• [What to produce] Going down the data below, set down exactly the line with "Im Inneren erwarten" and each line after it through the line with "H 583 ターコイズ"; no other lines.

(Beginning of Source information)

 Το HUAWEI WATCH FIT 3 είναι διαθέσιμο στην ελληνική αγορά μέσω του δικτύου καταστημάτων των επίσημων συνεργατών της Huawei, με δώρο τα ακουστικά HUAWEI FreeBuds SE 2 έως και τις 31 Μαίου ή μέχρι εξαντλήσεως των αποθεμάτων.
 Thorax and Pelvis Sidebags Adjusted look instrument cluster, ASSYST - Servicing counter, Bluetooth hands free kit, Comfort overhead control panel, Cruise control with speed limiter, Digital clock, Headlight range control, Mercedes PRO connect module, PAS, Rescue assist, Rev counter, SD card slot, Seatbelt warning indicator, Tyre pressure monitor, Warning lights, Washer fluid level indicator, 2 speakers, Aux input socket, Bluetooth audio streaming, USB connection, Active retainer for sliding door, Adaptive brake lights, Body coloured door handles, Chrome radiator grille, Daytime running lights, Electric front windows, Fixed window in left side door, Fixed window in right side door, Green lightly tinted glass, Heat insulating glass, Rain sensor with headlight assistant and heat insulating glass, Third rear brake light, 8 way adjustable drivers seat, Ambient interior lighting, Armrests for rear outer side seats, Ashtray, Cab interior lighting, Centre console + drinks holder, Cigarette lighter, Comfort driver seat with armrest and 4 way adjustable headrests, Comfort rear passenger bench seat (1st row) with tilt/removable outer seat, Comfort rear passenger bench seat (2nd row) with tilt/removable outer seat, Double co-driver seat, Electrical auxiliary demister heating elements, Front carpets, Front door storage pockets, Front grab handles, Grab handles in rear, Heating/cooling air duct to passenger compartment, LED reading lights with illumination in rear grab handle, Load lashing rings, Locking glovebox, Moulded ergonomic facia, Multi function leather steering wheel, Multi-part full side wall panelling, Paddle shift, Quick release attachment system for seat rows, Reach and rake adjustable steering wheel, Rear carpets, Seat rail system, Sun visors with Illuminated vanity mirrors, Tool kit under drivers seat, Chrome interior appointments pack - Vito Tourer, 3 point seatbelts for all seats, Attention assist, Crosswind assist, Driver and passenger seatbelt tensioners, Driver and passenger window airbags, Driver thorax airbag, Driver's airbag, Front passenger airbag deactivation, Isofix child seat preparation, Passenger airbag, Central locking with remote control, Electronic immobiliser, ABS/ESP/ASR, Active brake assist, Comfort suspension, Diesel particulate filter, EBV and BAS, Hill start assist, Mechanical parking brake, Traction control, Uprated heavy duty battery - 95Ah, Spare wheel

(End of Source information)
(Beginning of Source information)

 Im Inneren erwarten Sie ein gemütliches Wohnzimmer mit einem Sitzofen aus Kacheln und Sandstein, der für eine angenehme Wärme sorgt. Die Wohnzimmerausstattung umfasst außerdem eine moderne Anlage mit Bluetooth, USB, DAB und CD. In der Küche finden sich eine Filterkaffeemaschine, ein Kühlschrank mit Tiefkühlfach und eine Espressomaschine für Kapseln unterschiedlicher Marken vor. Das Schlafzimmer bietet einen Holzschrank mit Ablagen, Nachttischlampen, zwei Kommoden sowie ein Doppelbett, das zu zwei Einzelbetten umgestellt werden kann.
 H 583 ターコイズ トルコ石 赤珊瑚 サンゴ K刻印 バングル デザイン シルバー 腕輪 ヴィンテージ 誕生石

(End of Source information)

• [Output of the exercise]
 Im Inneren erwarten Sie ein gemütliches Wohnzimmer mit einem Sitzofen aus Kacheln und Sandstein, der für eine angenehme Wärme sorgt. Die Wohnzimmerausstattung umfasst außerdem eine moderne Anlage mit Bluetooth, USB, DAB und CD. In der Küche finden sich eine Filterkaffeemaschine, ein Kühlschrank mit Tiefkühlfach und eine Espressomaschine für Kapseln unterschiedlicher Marken vor. Das Schlafzimmer bietet einen Holzschrank mit Ablagen, Nachttischlampen, zwei Kommoden sowie ein Doppelbett, das zu zwei Einzelbetten umgestellt werden kann.
 H 583 ターコイズ トルコ石 赤珊瑚 サンゴ K刻印 バングル デザイン シルバー 腕輪 ヴィンテージ 誕生石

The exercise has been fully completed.